The SEC is removing barriers to token stocks
6/12/2026, 11:33 AM • Евгения Слив

The US Securities and Exchange Commission (SEC) has proposed repealing NMS Regulations 611 and 610(e), which for 20 years have restricted the display of quotes and prohibited transactions at less advantageous prices than elsewhere. The head of the SEC, Paul Atkins, has said that these regulations have become a drag on market development and has proposed to replace rigid restrictions with a flexible "best execution" principle. The initiative will be discussed for 60 days and final adoption of changes is expected in the first quarter of 2027.

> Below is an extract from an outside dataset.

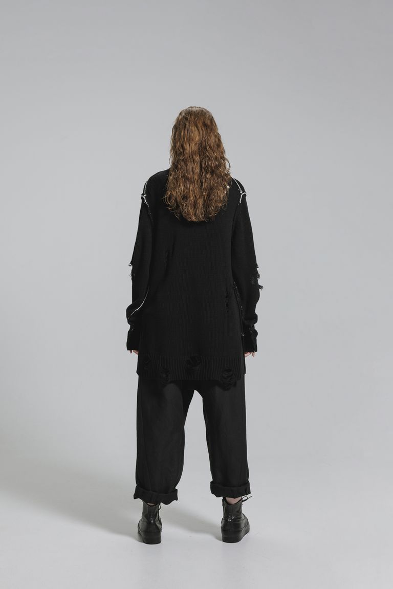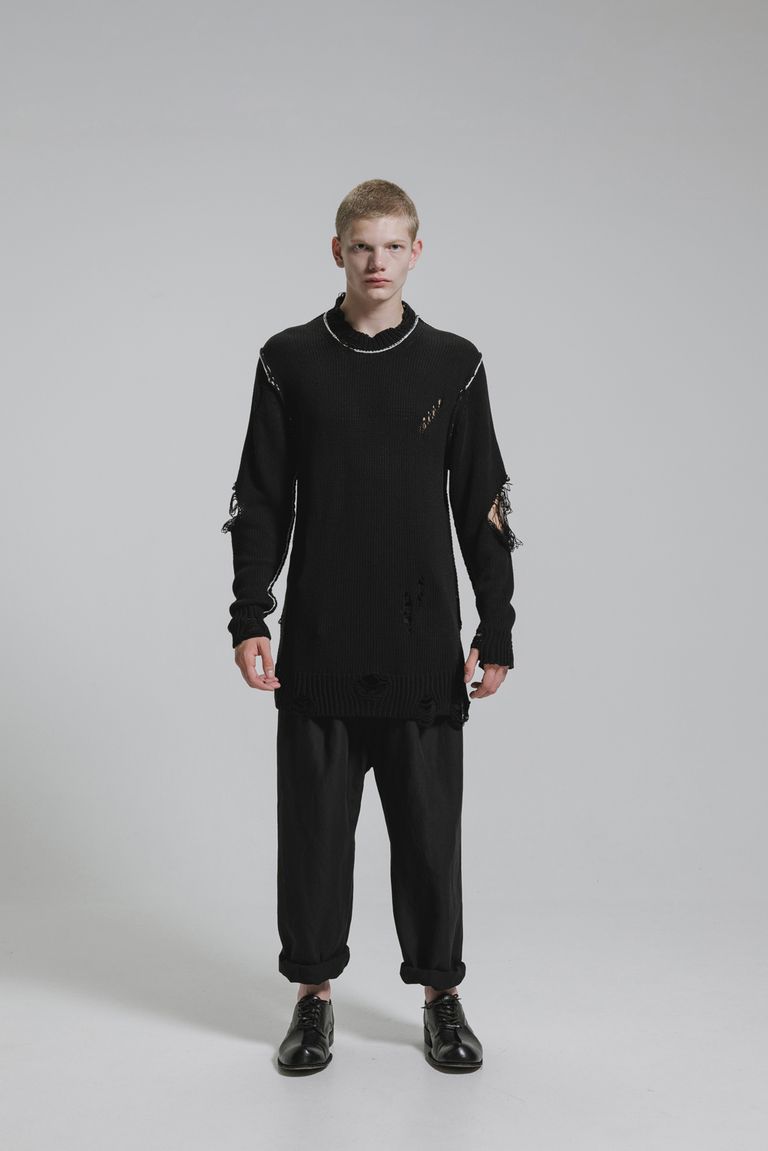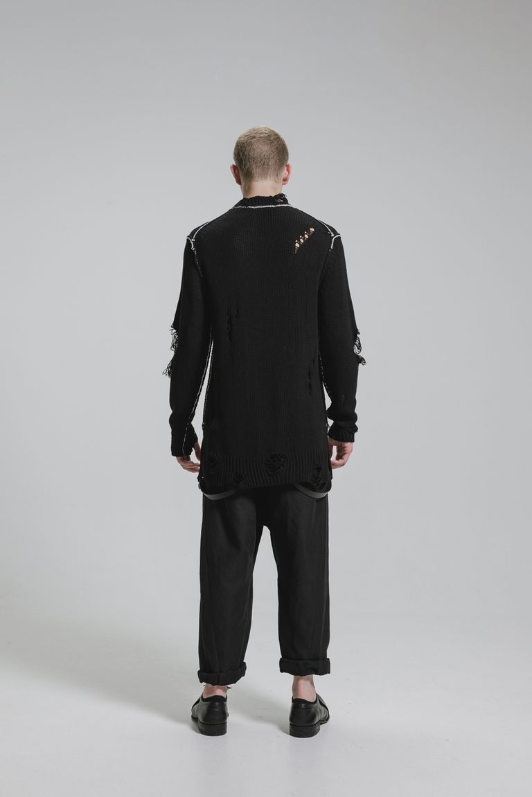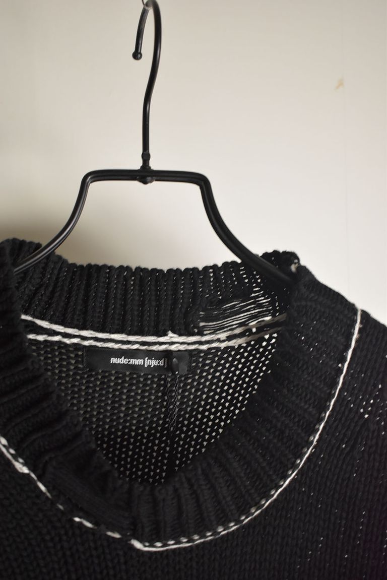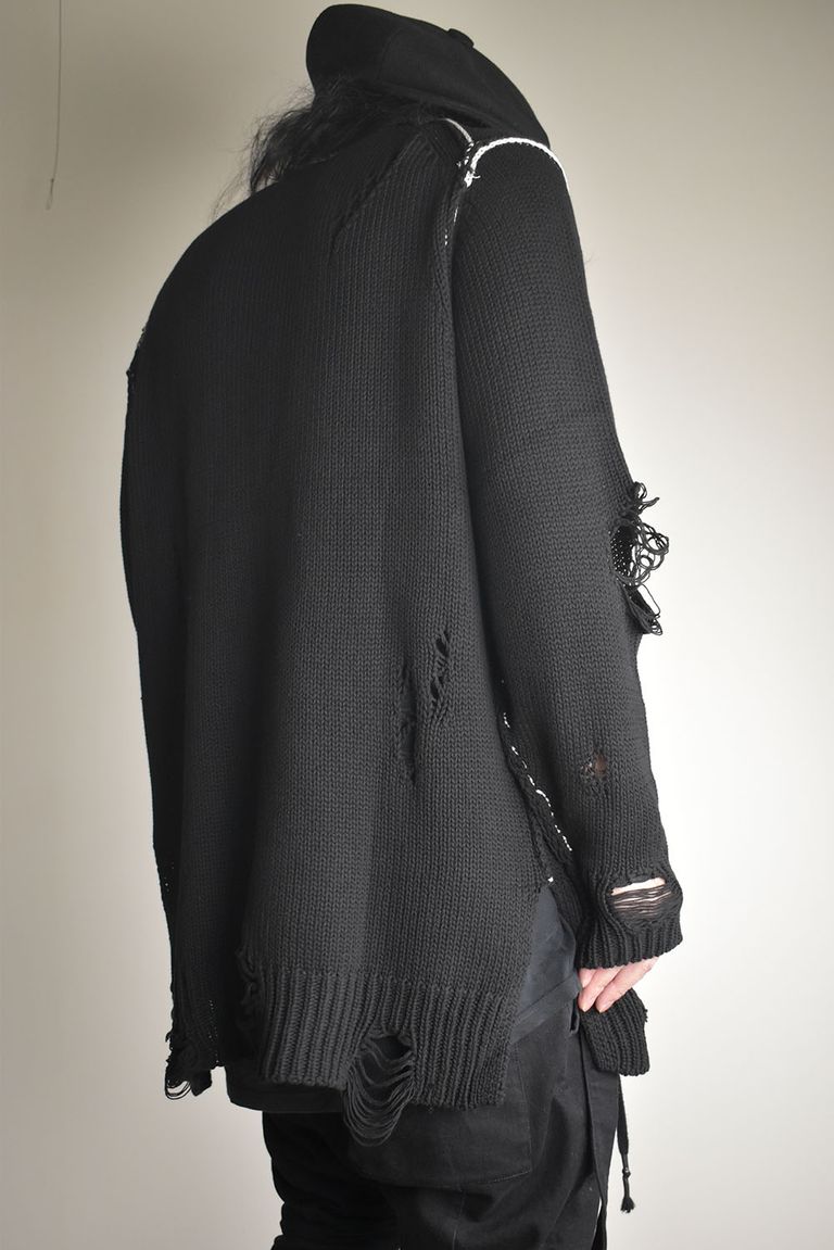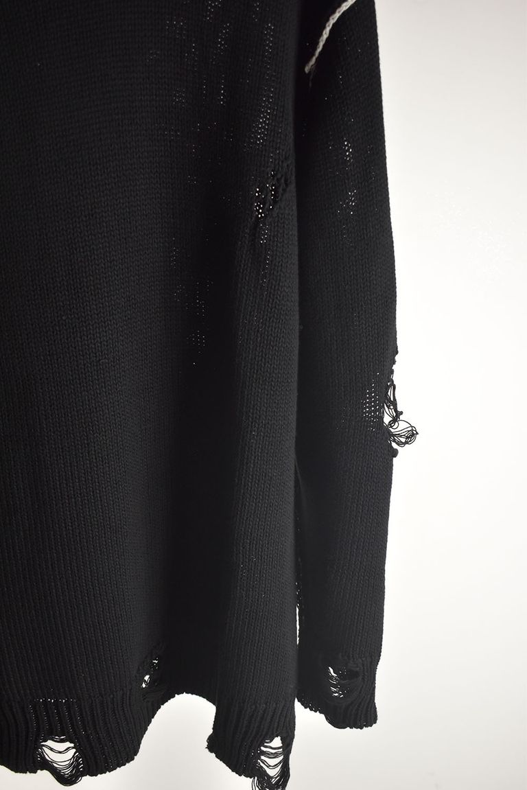 Cotton 3GG Damaged Knit Pullover"Black" / コットン 3GG ダメージニットプルオーバー"ブラック"
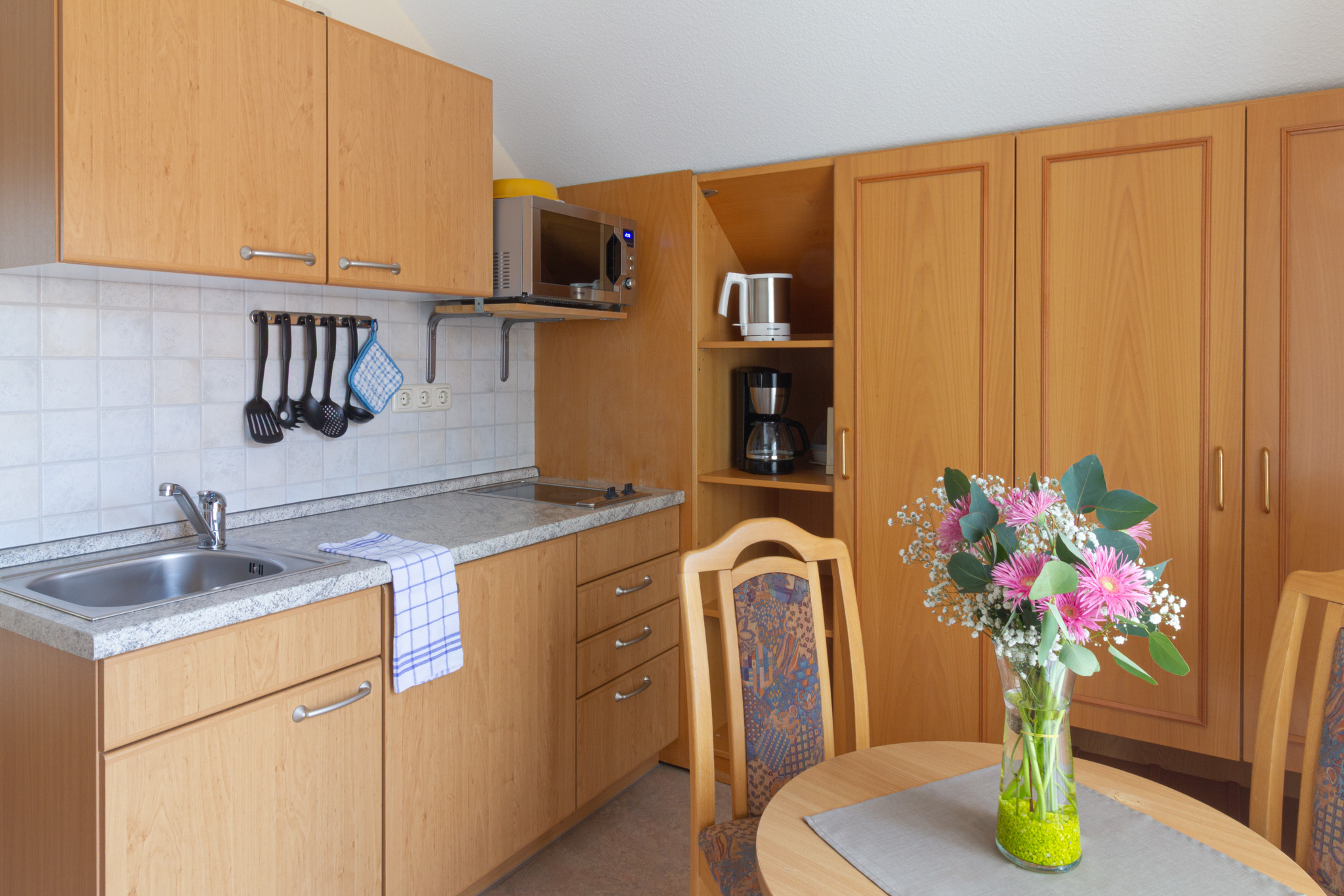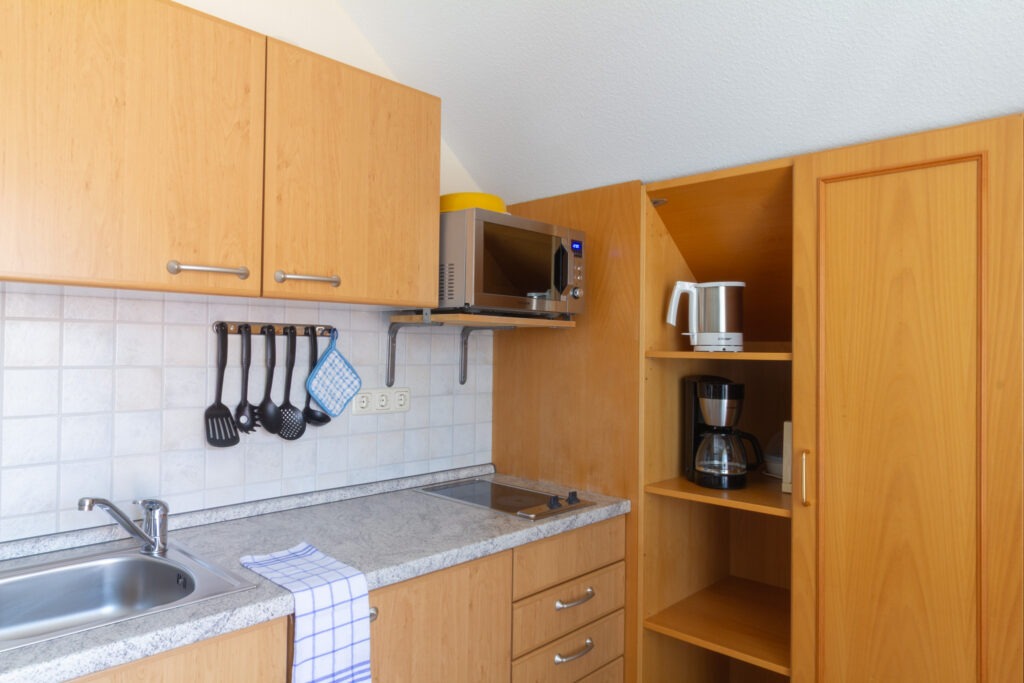 Kochnische mit zwei Herdplatten, Dunstabzugshaube, Kühlschrank, Mikrowelle sowie Kaffee- und Brotschneidemaschine, Toaster, Wasser- und Eierkocher, Esstisch, zwei Sitzmöglichkeiten

Galaxy Digital research chief Alex Thorne called this a critical step for the industry, noting that current regulations are physically blocking the trading of tokenized stocks through automated marketers (AMMs). Decentralized protocols operate on mathematical formulas and cannot track the liquidity of external exchanges in real time. The AMM cannot stop the deal because of a better price on the Nasdaq. After the repeal of the rules, tokenized shares will be able to legally trade in DeFi pools , - emphasized Thorn.
Until the reform comes into effect, the SEC may launch pilot projects on tokenization, granting members temporary exemptions. Nonetheless, analysts are calling for expectations to be tempered: SEC Commissioner Hester Pierce had earlier warned that the regulator did not plan to allow synthetic-asset issuance under a so-called "innovative exception," focusing on real tokenized securities.